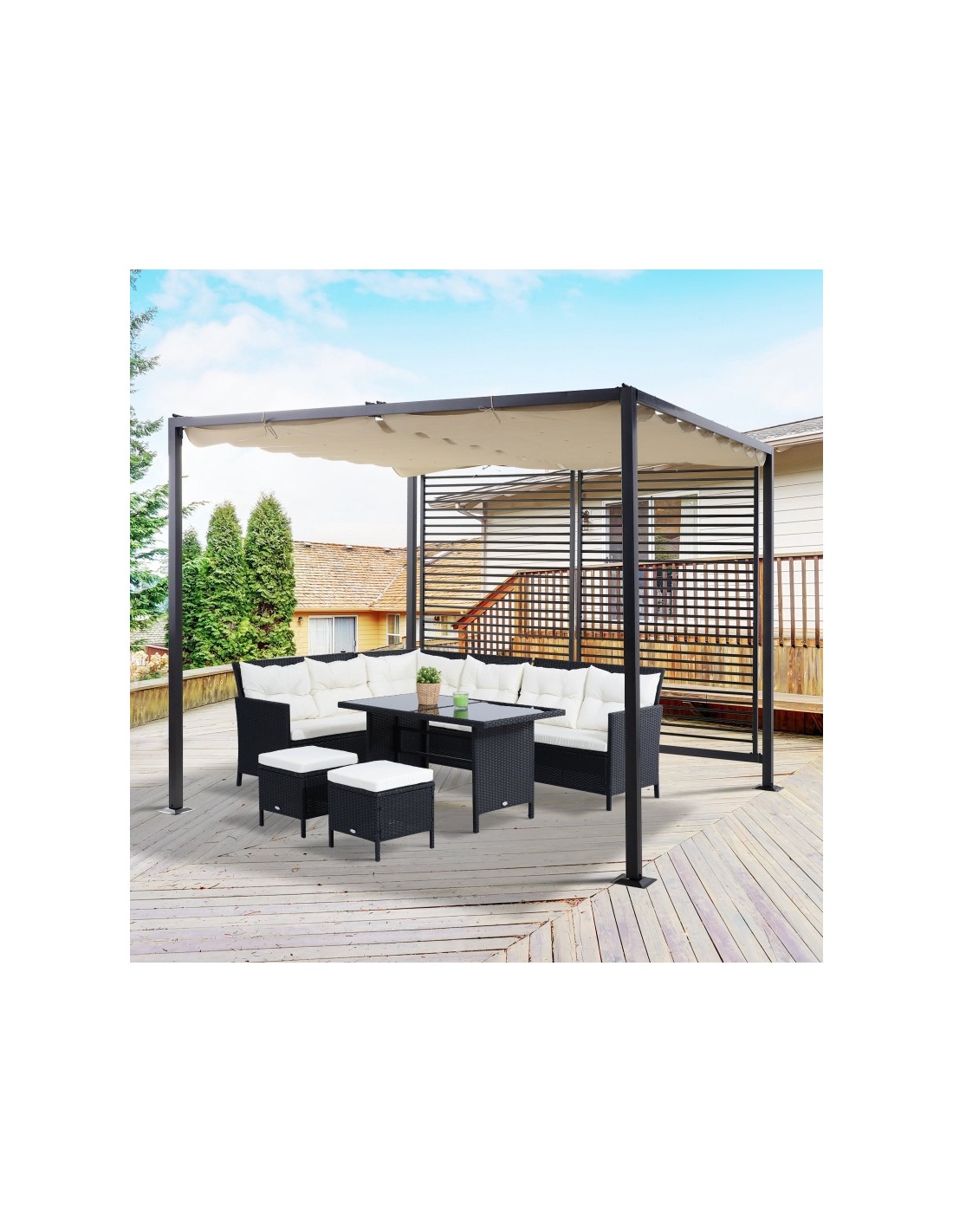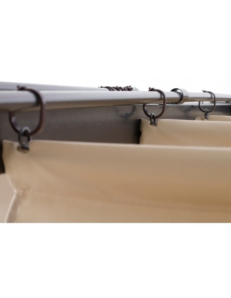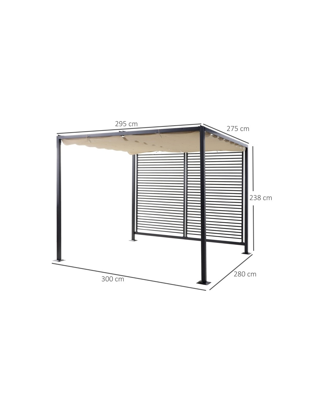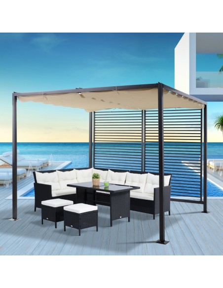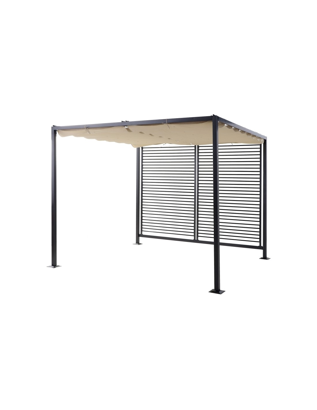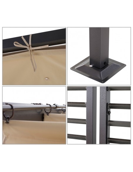 Moderne havepavillon udført i et design af sortlakeret metal og tag i beige polyester der kan skydes til siden. En smuk havepavillon til hygge i haven eller på terrassen. Pavillonen måler 3 x 2,8 m i bredde og dybde og 2,38 m i højden.
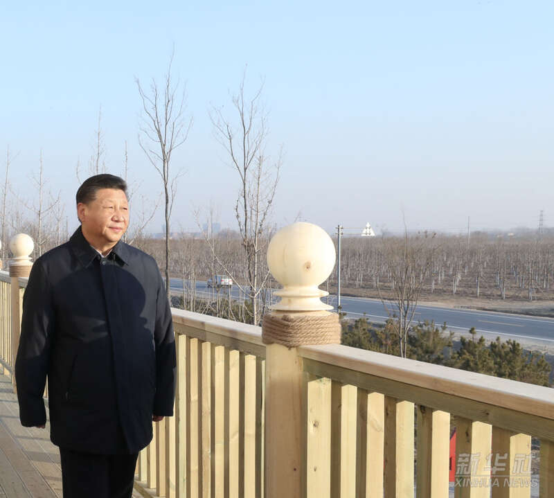 2019年1月16日至18日,习近平在京津冀考察,主持召开京津冀协同发展座谈会并发表重要讲话。这是1月16日下午,在雄安新区“千年秀林”大清河片林一区造林区域,习近平登上秀林驿站二层平台远眺林区全貌。
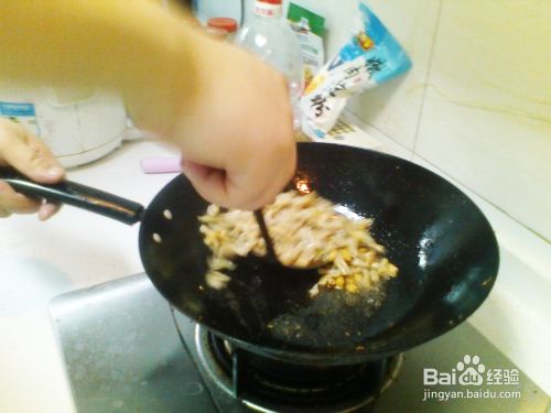 往锅里放油烧热,然后把姜放进去炒3分钟,把姜的味道融合到油里面,这样姜的味道就会更好地进入到鸭肠里面,祛除鸭肠的腥味。
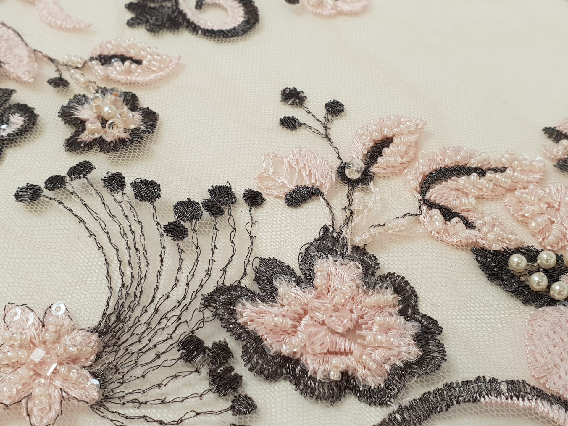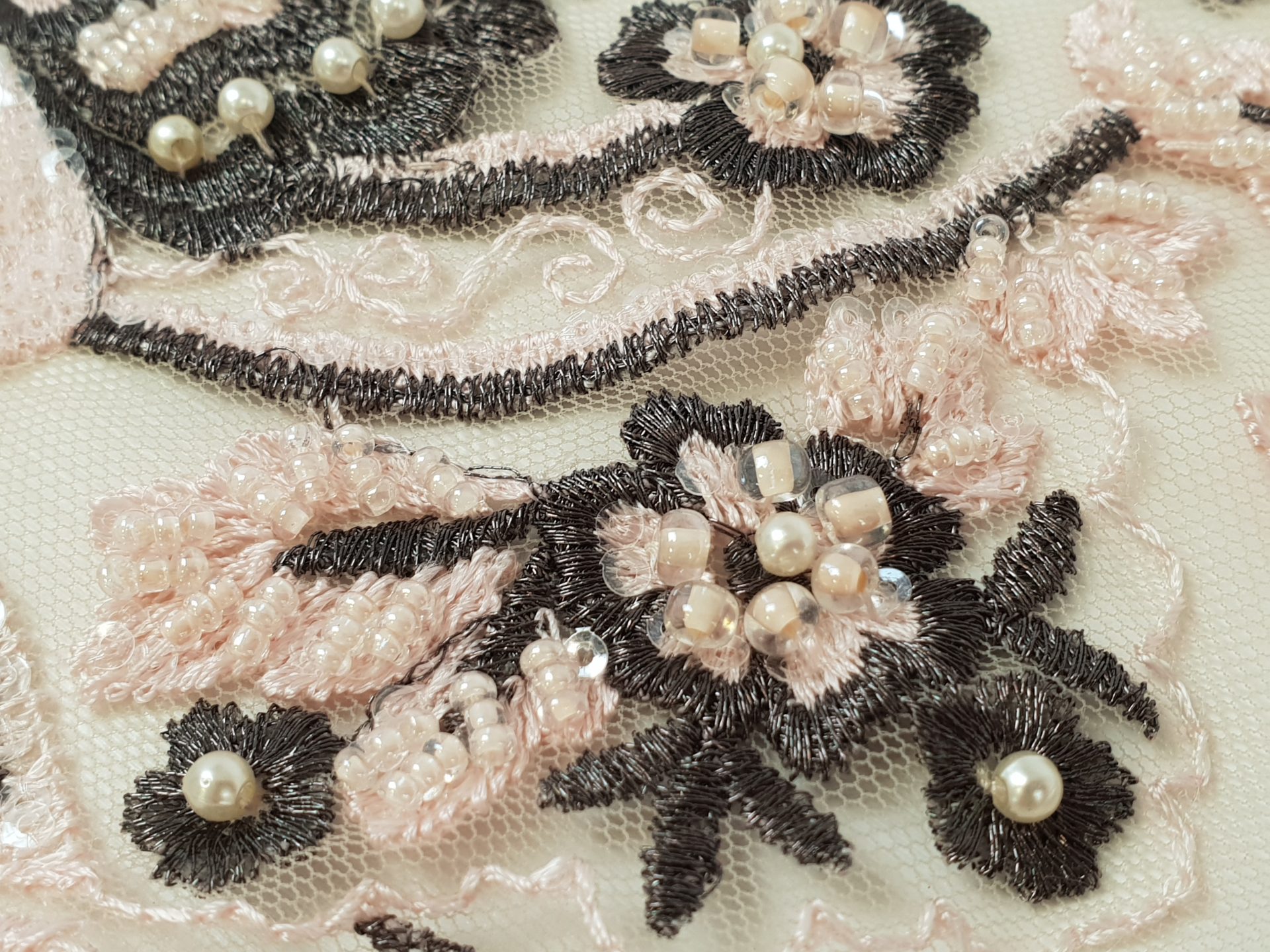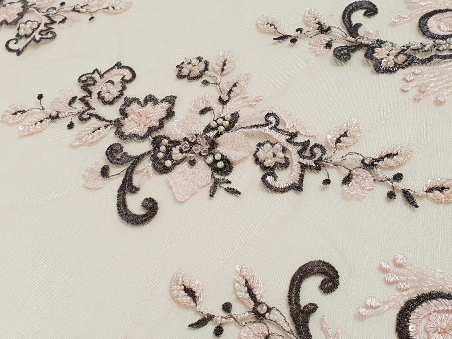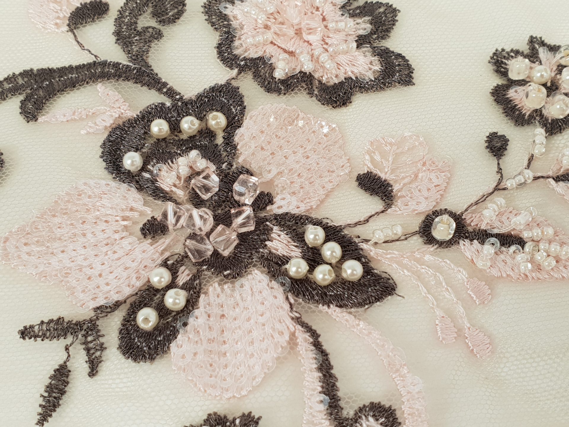 Broderie accesorizata cu motive florale in tonuri de roz pal si gri inchis, cu paiete transparente si margele de diferite forme.
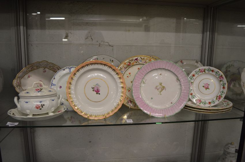 A small Derby floral decorated tureen cover and stand together with other 19th century and later Derby and other cabinet plates.
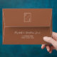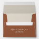 Simple, minimalist, elegant, modern calligraphy script white and terracotta wedding invitation 5x7 envelope with monogram - initials at the top flap and return address.
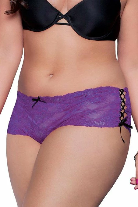 An added bonus on these lace boyshort wonders: open crotch and side lace-ups.                      Â
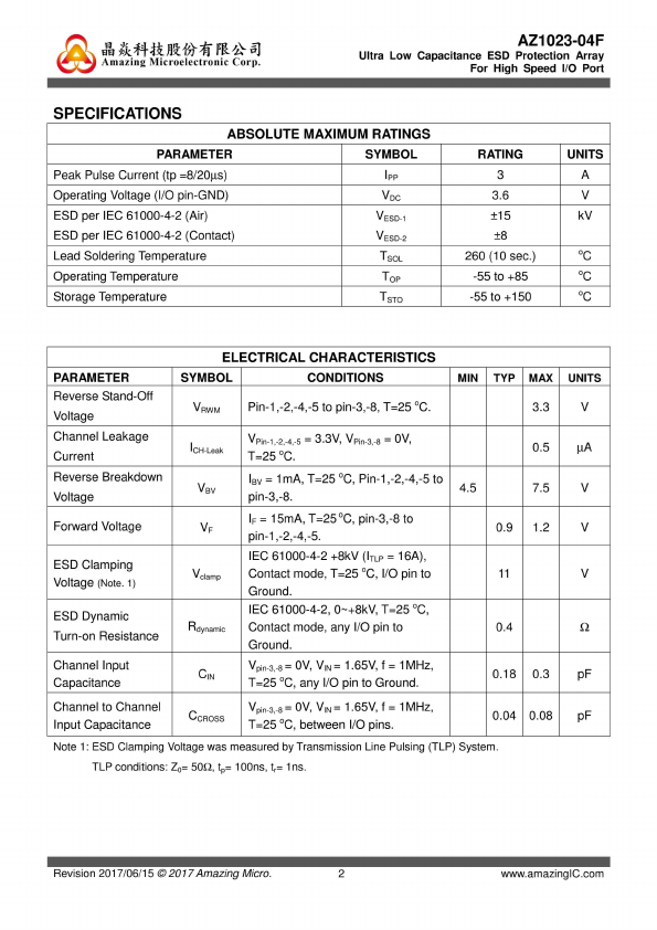 Ultra Low Capacitance ESD Protection Array For High Speed I/O Port |

========

- [Directions for this task]: Pictures are not part of the answer, which must be the exact lines from the one holding "Simple, minimalist, elegant, modern" through the end of the material, both ends included.

- [Reply]:
 Simple, minimalist, elegant, modern calligraphy script white and terracotta wedding invitation 5x7 envelope with monogram - initials at the top flap and return address.
 An added bonus on these lace boyshort wonders: open crotch and side lace-ups.                      Â
 Ultra Low Capacitance ESD Protection Array For High Speed I/O Port |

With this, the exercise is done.